A transição como caminho possível e saudável – A saída, para muitos, tem sido a transição de carreira. Mas, ao contrário do que se imagina, esse movimento não ocorre apenas por insatisfação. Ele também pode ser resultado de amadurecimento, autoconhecimento e desejo de contribuir com algo maior. “Eu acredito que a transição pode e deve ser feita com estratégia, leveza e retorno pessoal. A experiência corporativa não precisa ser descartada. Pelo contrário, ela é o que permite construir novas trajetórias com mais impacto e consciência”, orienta Juliana.
Essa nova etapa costuma vir acompanhada de uma revisão de valores. Profissionais experientes, acostumados a entregar resultados, começam a se perguntar sobre o que realmente faz sentido na vida e no trabalho. A resposta, muitas vezes, está ligada a ambientes mais colaborativos, inovadores e humanos.
Lideranças são chave para evitar o esvaziamento interno – Evitar que um ambiente se torne estéril é responsabilidade direta da liderança. Para Juliana, o papel de quem lidera hoje não é apenas gerir tarefas, mas fomentar a autonomia e a liberdade criativa. “Ambientes que florescem são aqueles onde as pessoas podem criar, errar, propor. A inovação nasce da confiança, e quem lidera precisa criar esse solo fértil”, afirma.

Essa mudança de postura pode parecer sutil, mas é profundamente transformadora. Equipes mais livres tendem a ser mais engajadas, produtivas e comprometidas com os objetivos da organização. Em contrapartida, lideranças controladoras, que operam por medo e rigidez, produzem exatamente o oposto: estagnação, desconexão e alta rotatividade.
Novos tempos pedem novas decisões – O fenômeno do corporativismo estéril evidencia um ponto importante: não basta uma empresa funcionar bem no papel. É preciso que ela faça sentido para quem nela trabalha. Caso contrário, o esvaziamento emocional e criativo dos colaboradores se tornará inevitável.

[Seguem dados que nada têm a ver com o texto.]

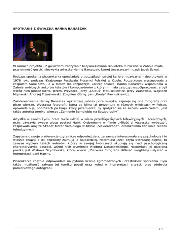 SPOTKANIE Z GWIAZDĄ HANNĄ BANASZAK W ramach projektu „Z gwiazdami zaczytani” Miejsko-Gminna Biblioteka Publiczna w Żabnie miała przyjemność gościć niezwykłą artystkę Hannę Banaszak, której towarzyszył muzyk Jacek Szwaj. Podczas spotkania piosenkarka opowiadała o początkach swojej kariery muzycznej – debiutowała w 1976 roku podczas Krajowego Festiwalu Piosenki Polskiej w Opolu. Początkowo występowała z zespołem Sami Swoi, a w latach 80. rozpoczęła karierę solową. Hanna Banaszak wspominała w Żabnie wybitnych autorów tekstów i kompozytorów z którymi miała zaszczyt współpracować, a byli wśród nich Jonasz Kofta, Jeremi Przybora, Jerzy „Duduś” Matuszkiewicz, Jerzy Wasowski, Wojciech Młynarski, Andrzej Trzaskowski, Zbigniew Górny, Jan „Kanty” Pawluśkiewicz. Zainteresowania Hanny Banaszak wykraczają jednak poza muzykę, zajmuje się ona fotografią oraz pisze wiersze. Wystawa fotografii, którą od kilku lat prezentuje w różnych miejscach w Polsce, opowiada o jej podróżach po kraju, który przemierza, by spotykać się ze swoimi wielbicielami. Jest także autorką tomiku wierszy „Zamienie Samolubie na Szczodruchy”. Artystka w swoim życiu brała także udział w wielu przedsięwzięciach telewizyjnych i scenicznych, m.in. użyczyła swego głosu postaci Hanki Ordonówny w filmie „Miłość ci wszystko wybaczy”, zaśpiewała arię ze Stabat Mater Vivaldiego w filmie „Siekierezada”. Zrealizowała też kilka recitali telewizyjnych. Zapytana o swoje preferencje czytelnicze odpowiedziała, że zawsze interesowała się psychologią i to właśnie książki z tej dziedziny zajmują ją najbardziej. Natomiast jeżeli czyta literaturę piękną, to zawsze wybiera takich autorów, którzy w swojej twórczości skupiają się nad psychologiczną charakterystyką postaci, wśród nich wymieniła Fiodora Dostojewskiego. Natomiast jej ulubioną poetką jest Wisława Szymborska, której wiersz „Pierwsza fotografia Hitlera” mogliśmy usłyszeć w interpretacji pani Hanny. Piosenkarka chętnie odpowiadała na pytania licznie zgromadzonych uczestników spotkania. Była także możliwość zakupu jej tomiku poezji oraz kolęd w interpretacji artystki oraz zdobycia pamiątkowego autografu. 1/1 Powered by TCPDF (www.tcpdf.org)
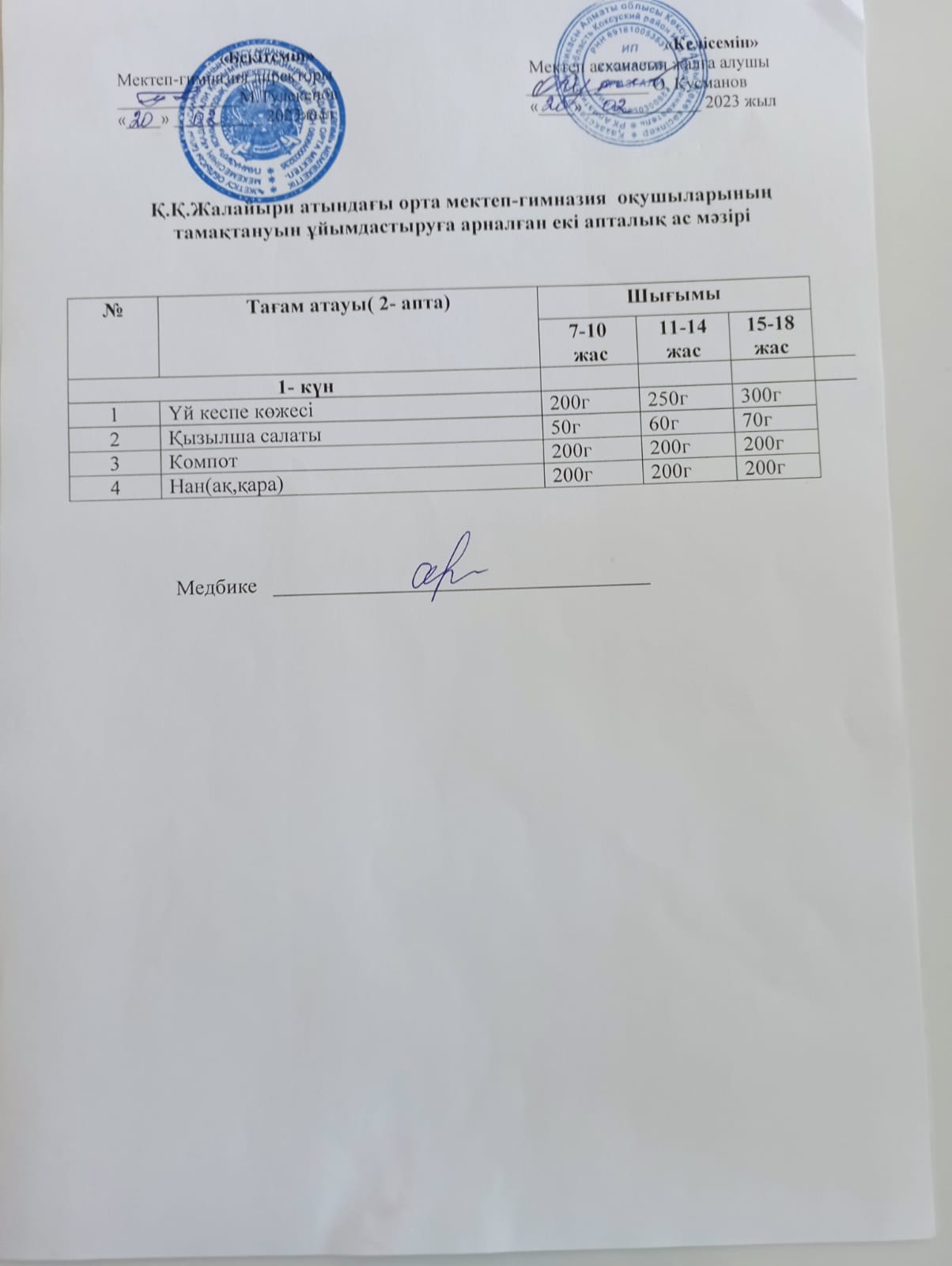ІІ- апта Ас мәзірі » Коммунальное государственное учреждение 'Средняя школа гимназия имени Кадыргали Косымулы Жалаири'

Segundo Juliana, esse novo momento exige coragem para repensar o que é sucesso, quais ambientes realmente valem a pena e como é possível alinhar carreira e propósito sem abrir mão da performance. “Não fazemos nada sozinhos. Carreira também é sobre os espaços que habitamos e as pessoas com quem construímos. Criar uma rede forte, se adaptar com inteligência e manter a visão de longo prazo são estratégias que me acompanham desde o início. São elas que tornam qualquer transição possível”, conclui.